[[ Records shown open ]]

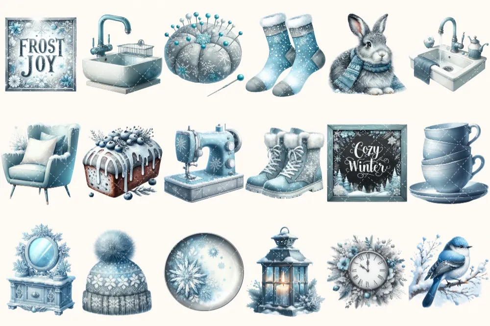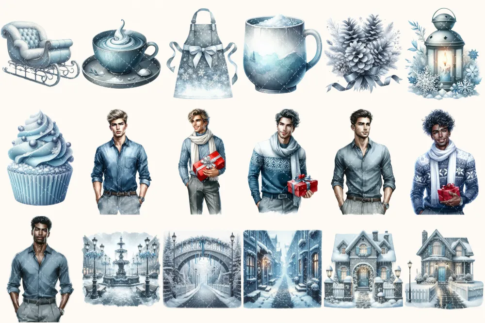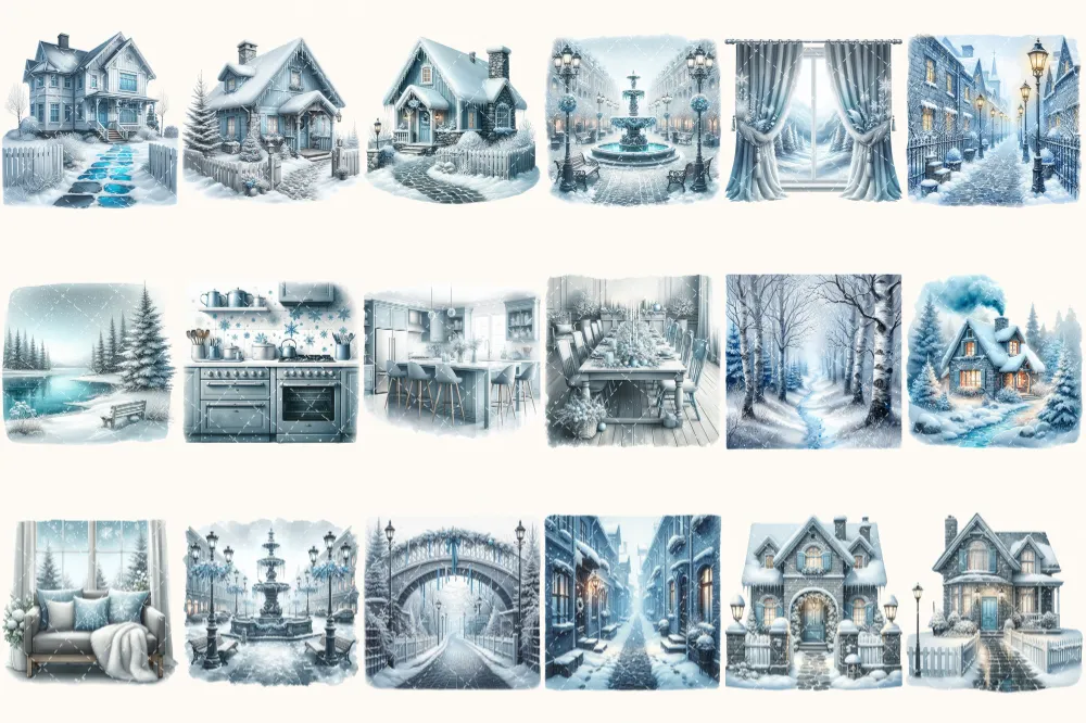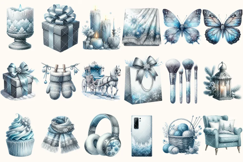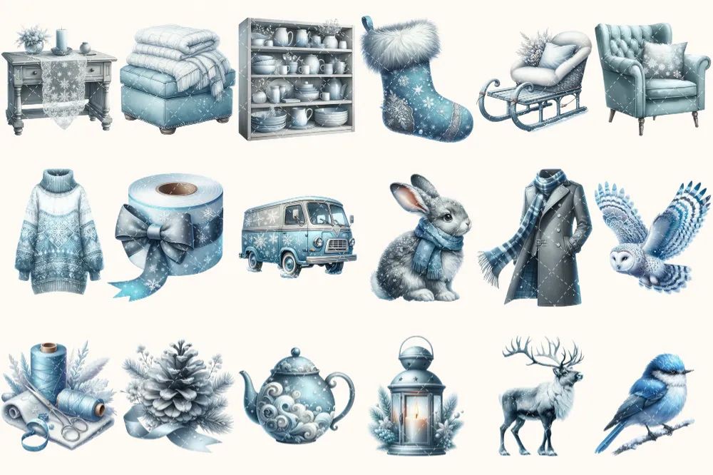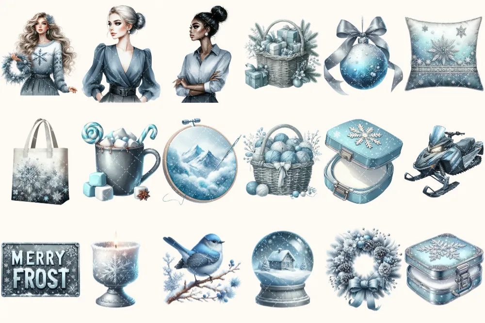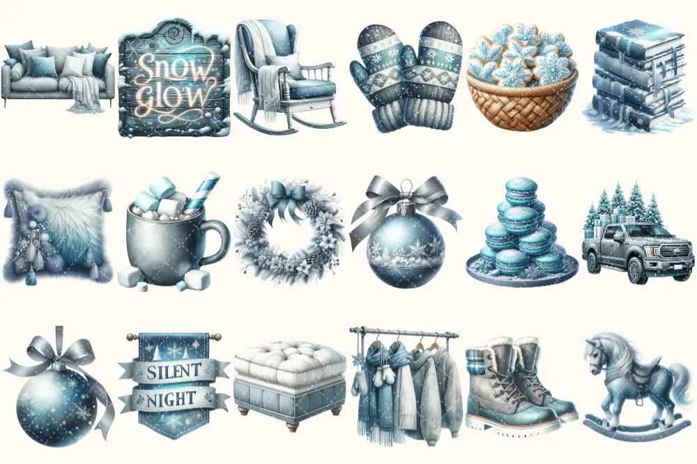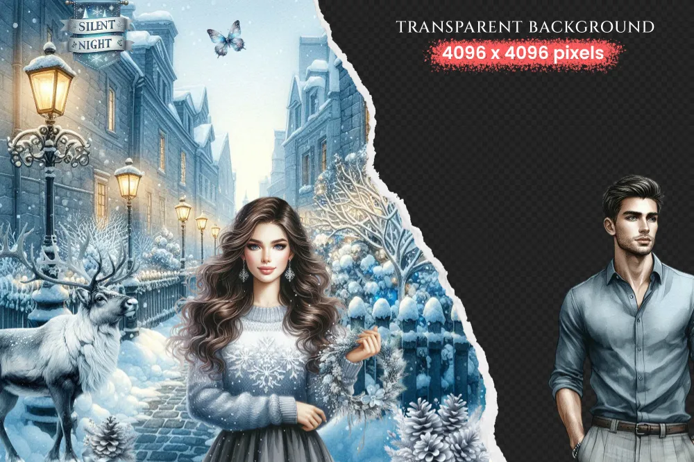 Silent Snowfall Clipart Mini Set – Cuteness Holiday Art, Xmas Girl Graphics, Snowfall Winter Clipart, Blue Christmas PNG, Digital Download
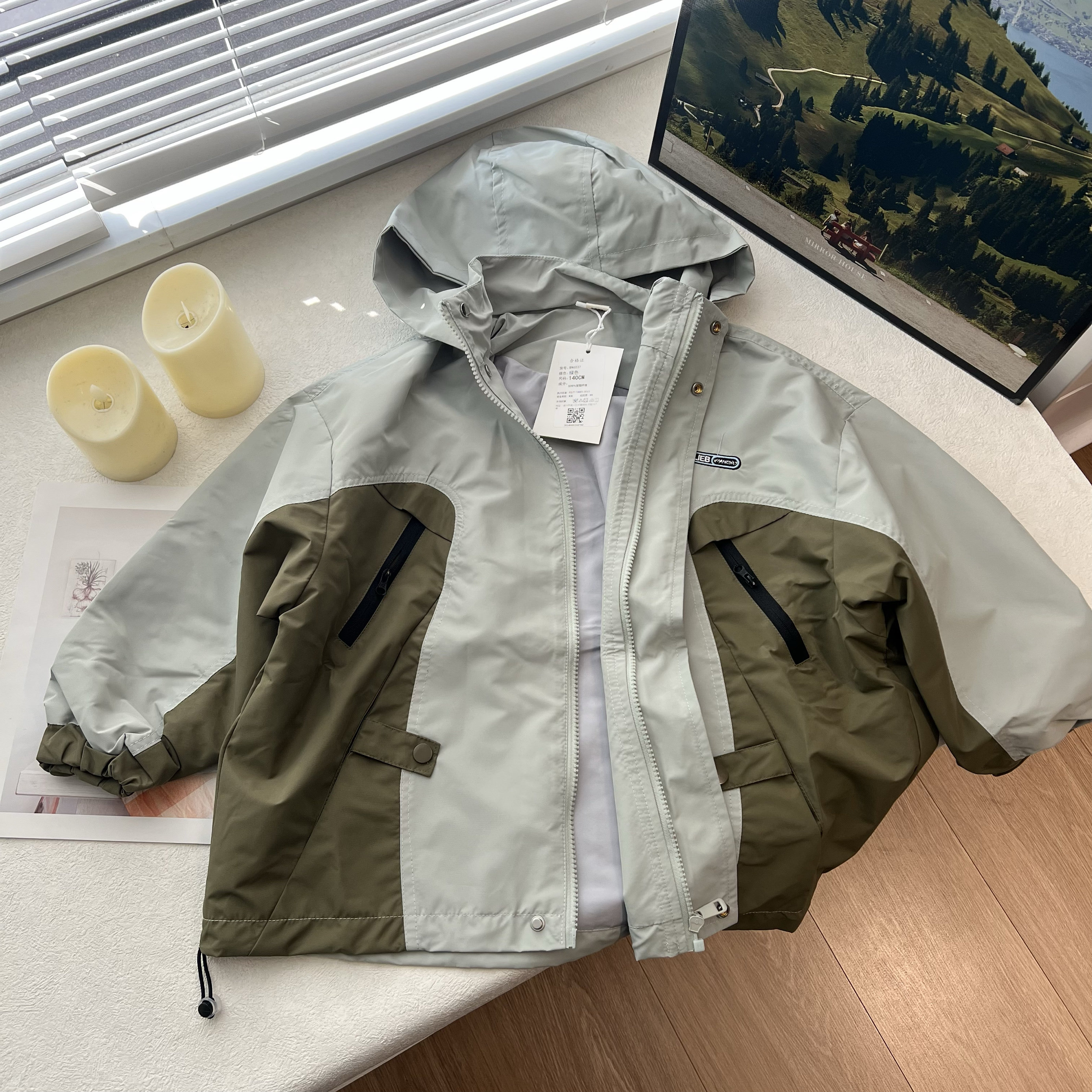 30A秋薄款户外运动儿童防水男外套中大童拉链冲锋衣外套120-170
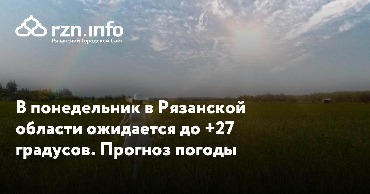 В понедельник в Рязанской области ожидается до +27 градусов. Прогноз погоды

[[ Records shown closed ]]
[[ Records shown open ]]

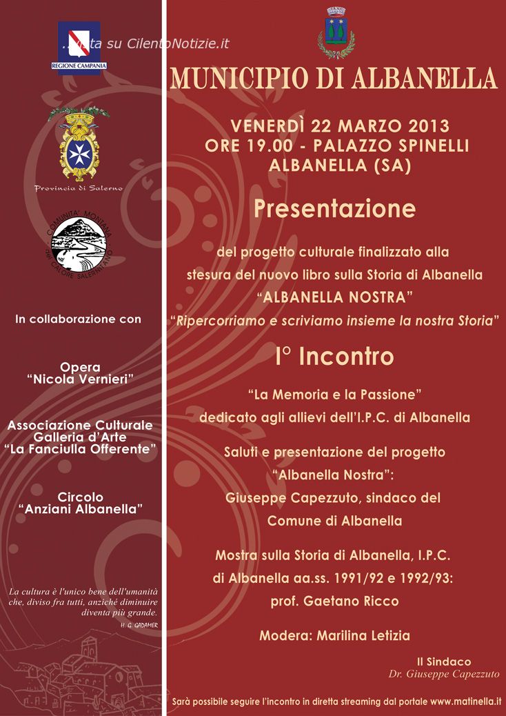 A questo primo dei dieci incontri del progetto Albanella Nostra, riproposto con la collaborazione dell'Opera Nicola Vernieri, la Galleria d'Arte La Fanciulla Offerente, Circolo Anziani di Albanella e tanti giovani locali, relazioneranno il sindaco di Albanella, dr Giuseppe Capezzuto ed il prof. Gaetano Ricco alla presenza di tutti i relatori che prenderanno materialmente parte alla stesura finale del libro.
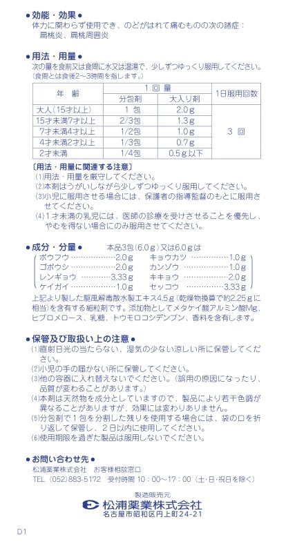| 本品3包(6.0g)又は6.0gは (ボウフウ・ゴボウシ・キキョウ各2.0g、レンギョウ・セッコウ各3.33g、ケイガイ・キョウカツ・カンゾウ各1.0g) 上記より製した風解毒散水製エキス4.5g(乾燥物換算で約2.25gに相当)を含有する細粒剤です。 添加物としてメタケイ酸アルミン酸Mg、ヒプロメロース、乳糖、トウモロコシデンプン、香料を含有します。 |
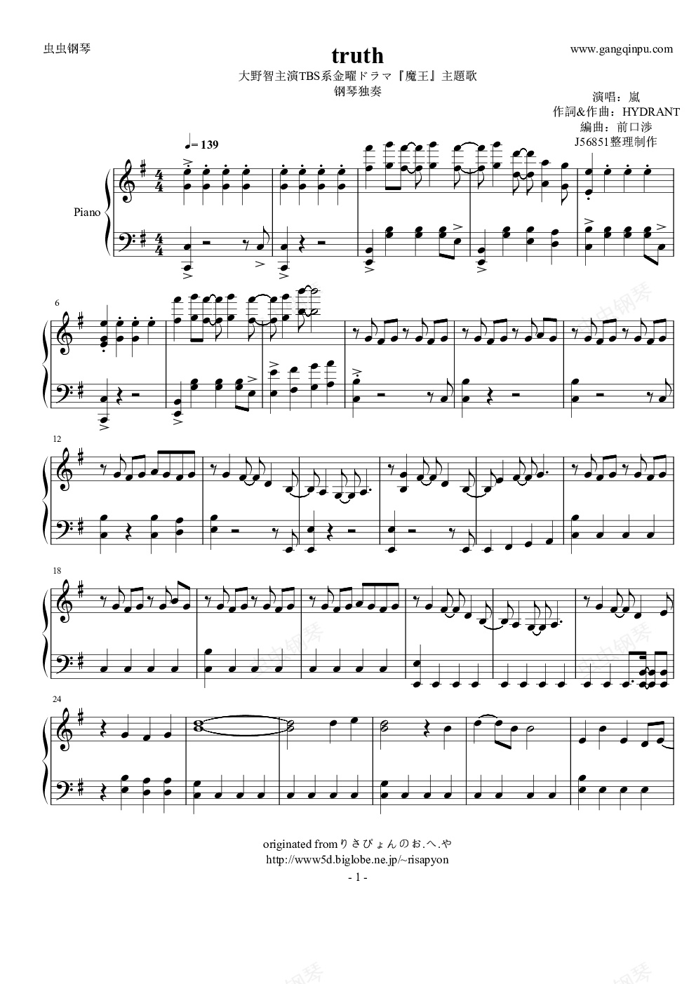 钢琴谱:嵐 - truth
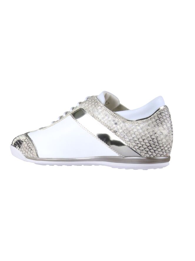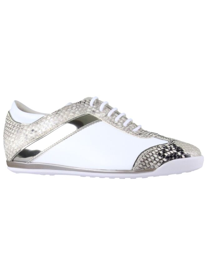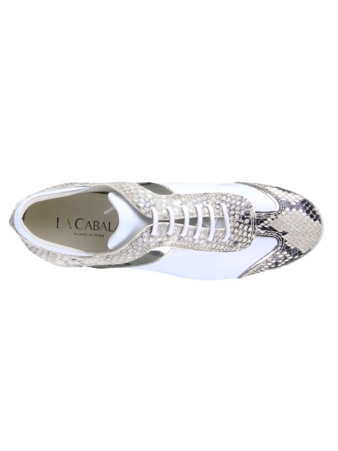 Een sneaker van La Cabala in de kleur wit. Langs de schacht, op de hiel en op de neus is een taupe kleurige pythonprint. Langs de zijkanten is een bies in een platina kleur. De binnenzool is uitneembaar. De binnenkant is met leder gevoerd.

[[ Records shown closed ]]
[[ Records shown open ]]

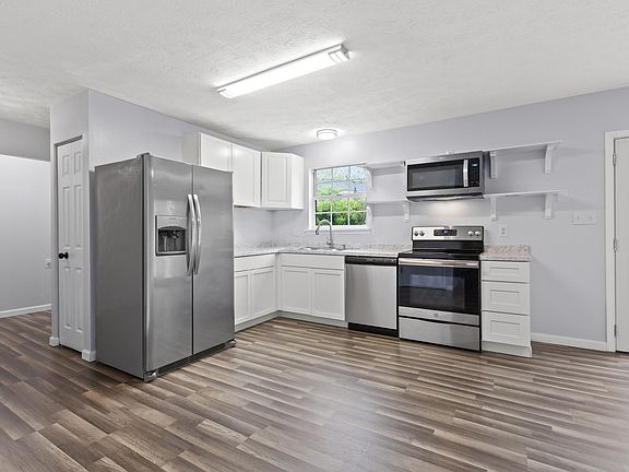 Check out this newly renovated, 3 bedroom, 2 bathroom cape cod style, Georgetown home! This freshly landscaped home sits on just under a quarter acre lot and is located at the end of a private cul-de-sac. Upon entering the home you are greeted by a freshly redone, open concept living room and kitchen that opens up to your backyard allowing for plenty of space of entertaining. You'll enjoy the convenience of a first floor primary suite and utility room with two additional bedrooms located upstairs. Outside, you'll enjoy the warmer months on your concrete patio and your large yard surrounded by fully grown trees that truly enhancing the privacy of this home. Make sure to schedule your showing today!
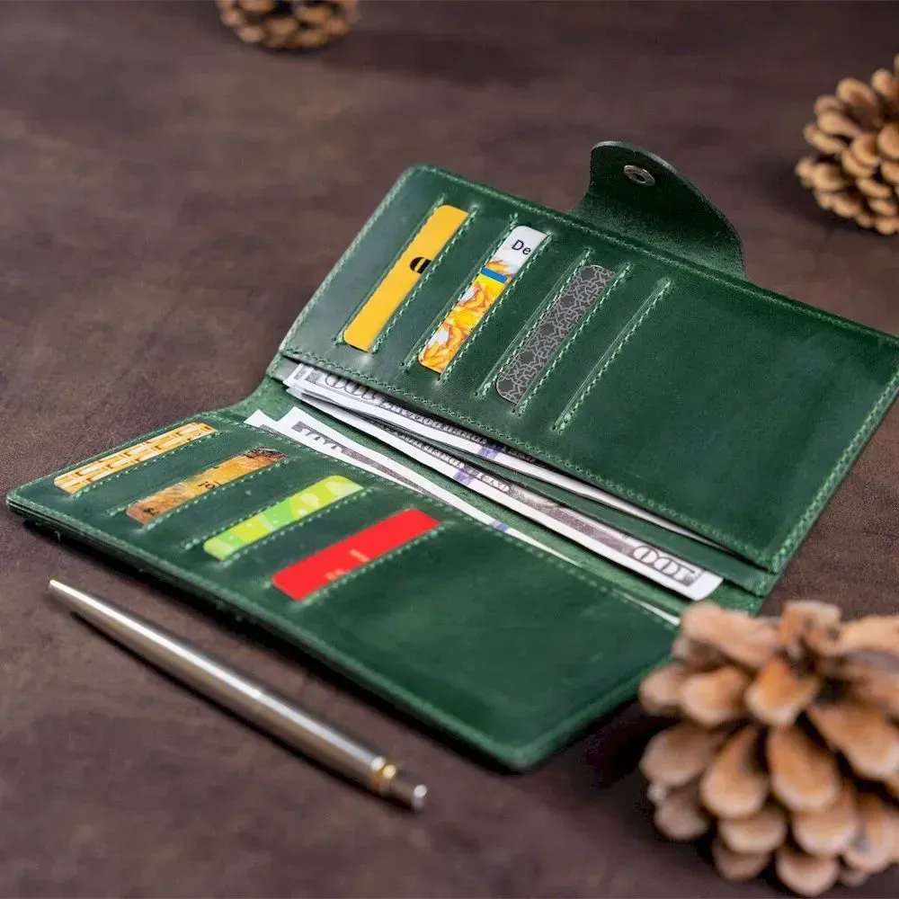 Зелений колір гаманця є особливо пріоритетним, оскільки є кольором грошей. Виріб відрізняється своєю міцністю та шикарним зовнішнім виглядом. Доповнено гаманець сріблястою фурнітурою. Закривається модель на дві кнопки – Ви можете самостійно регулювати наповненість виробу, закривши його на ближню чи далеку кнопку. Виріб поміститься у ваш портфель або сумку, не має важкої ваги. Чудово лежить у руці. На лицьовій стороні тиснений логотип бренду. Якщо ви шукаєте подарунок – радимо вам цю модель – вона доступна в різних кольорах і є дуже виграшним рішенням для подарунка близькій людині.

[[ Records shown closed ]]

- [Task] Beginning at the line above that contains "钢琴谱:嵐 - truth" and going on through the line that contains "Een sneaker van", please copy every line exactly, leaving the pictures out and adding nothing.

- [Result of the exercise]
 钢琴谱:嵐 - truth
 Een sneaker van La Cabala in de kleur wit. Langs de schacht, op de hiel en op de neus is een taupe kleurige pythonprint. Langs de zijkanten is een bies in een platina kleur. De binnenzool is uitneembaar. De binnenkant is met leder gevoerd.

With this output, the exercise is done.